Stunned but never unconscious I took inventory of the situation as I was twisted underneath the fallen paining, laying on the very hard rocks.  Looking down I noticed immediately the gnarly 45-degree angle in my right forearm and knew this to be both aesthetically unpleasing and structurally non-optimal.  After gathering my wits I dug myself out of the mess and went to get an ice compress on it.  Then I drove myself to the local medical center for x-rays and splinting, although they could not actually set the break.  That took a trip over the mountains as Mrs.Barn drove me to the ER of our excellent hospital there.  They set the bone and fitted me with a temporary splint encasing the arm from mid-bicep to mid-finger.  With the admonition to not attempt any movement which might bring misaligmnent to the bone as set and a scheduled appointment for further x-rays and a permanent hard cast and the removal of the staples in my scalp this past Thursday we headed for home.
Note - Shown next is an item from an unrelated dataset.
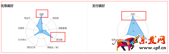 還有一個發現就是:他們喜歡包郵的,喜歡上聚劃算,喜歡天天特價,會習慣用“花唄”來支付(當然,有人質疑這個準確性,暫且不管,我們相信阿里的大數據部門,以后這種數據的降噪處理,一定會越來越專業)!這些都是符合這部分人群特征的。

On the trip home the ribs started sending me their electric messages.  By bed time I was nearly paralyzed by the pain radiating from my side, a circumstance that remained for many days and is subsiding with exasperating reticence.  I still cannot lay down to sleep at night.

Hence, my squirrely blogging and corresponding for the past ten days and the coming several weeks.  It will give me plenty of time to contemplate the fact that I made it to my 60th birthday without breaking anything, and now I’ve done it twice in 13 months.